The measures of the last tournaments, in our opinion, suggest two types of forecasts, although the data we have are not accurate enough and it seems to us that it is too early to draw conclusions: this trend will be reversed henceforth and the bertsolaris will use the language of the dialects again; or the upper limit (90%) in the use of unified Basque will continue around that limit. In any case, we believe that the most difficult thing is that the use of unified Basque increases even more in an oral activity such as bertsolarism.

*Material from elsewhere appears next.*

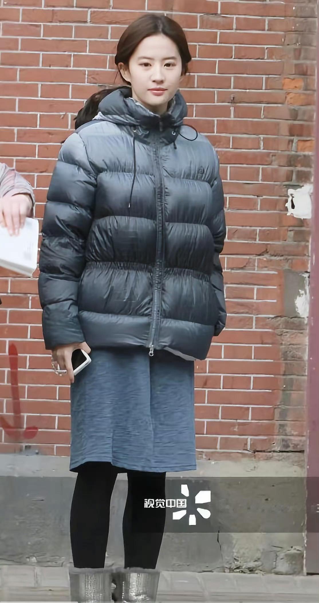 我去 一个冰冰一个刘亦菲 穿这种颜色的袄子 真是脸好啥都好…..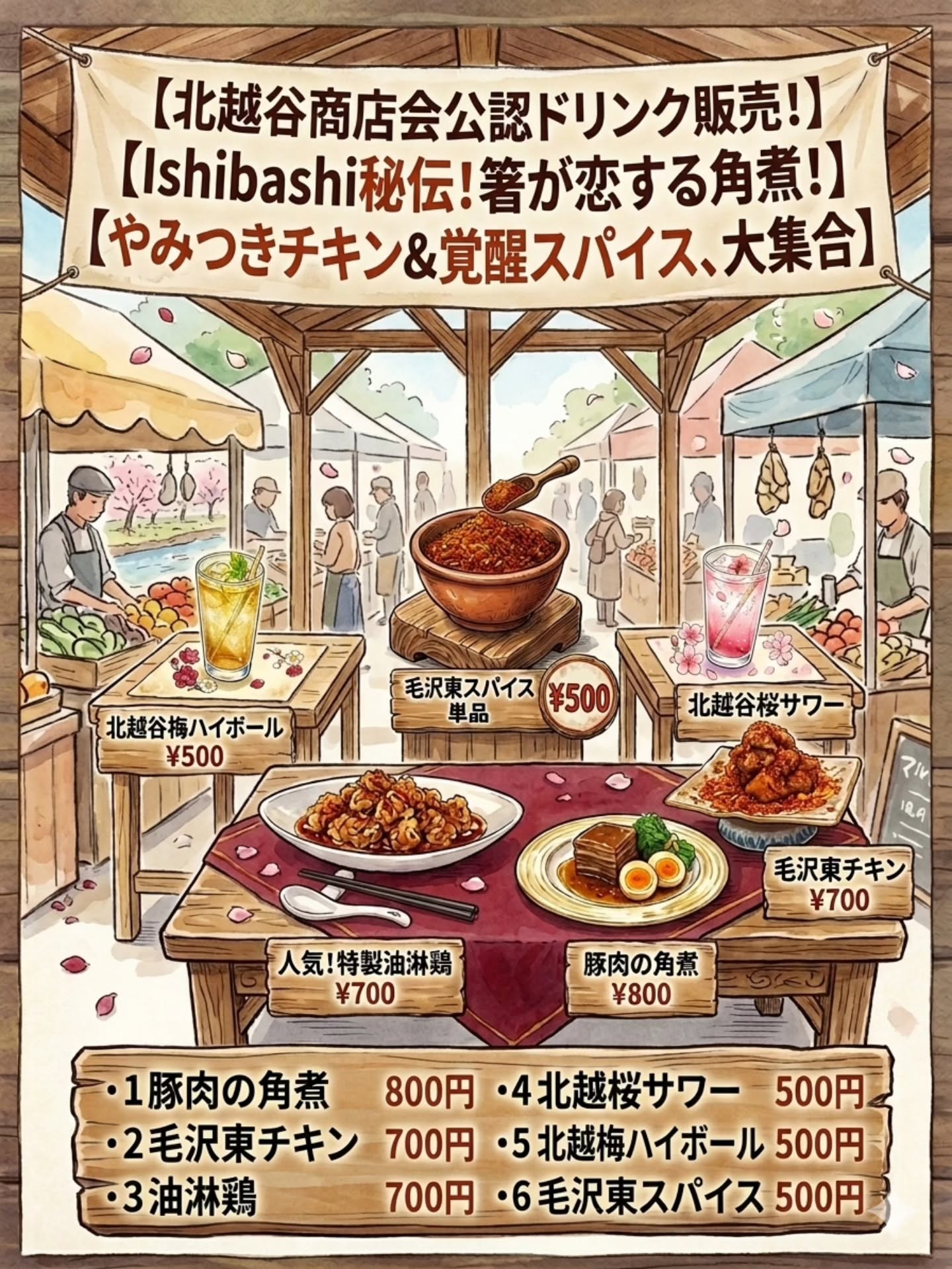 また、北越谷商店会公認の北越桜サワーや北越梅ハイボールを楽しめるのも魅力の一つ。

The statistical analysis of the berths of the last seven main tournaments has allowed us to show some trends. While it will be worth doing a more paused and thorough analysis of this data, the former has also left us some significant things. In the choice of the measure and in the use of unified Basque, for example, it has served to confirm that the previous intuitions were true: there is increasing propensity for special and long measures, and even in the use of unified Basque it seems that the increase has been practically constant. As for the melodies, it seems that there is a tendency to an increasingly reduced use of the melodies, but in this data we have revealed a characteristic that we do not dare to draw conclusions about it.
Are these trends maintained in this year's competition or are they reversed? What about the following? What other interesting interpretations can be done from the corpus of verses? What consequences would you draw from analyzing non-competitive berths? And compare competition with competition?
There is still much to be done in this field, but we believe that the importance of continuing to properly document the bertsos for an exhaustive analysis of the production of bertsos is undeniable if you want to see how the trends mentioned in this article and others that deserve to be examined in a more leisurely way evolve in the coming years.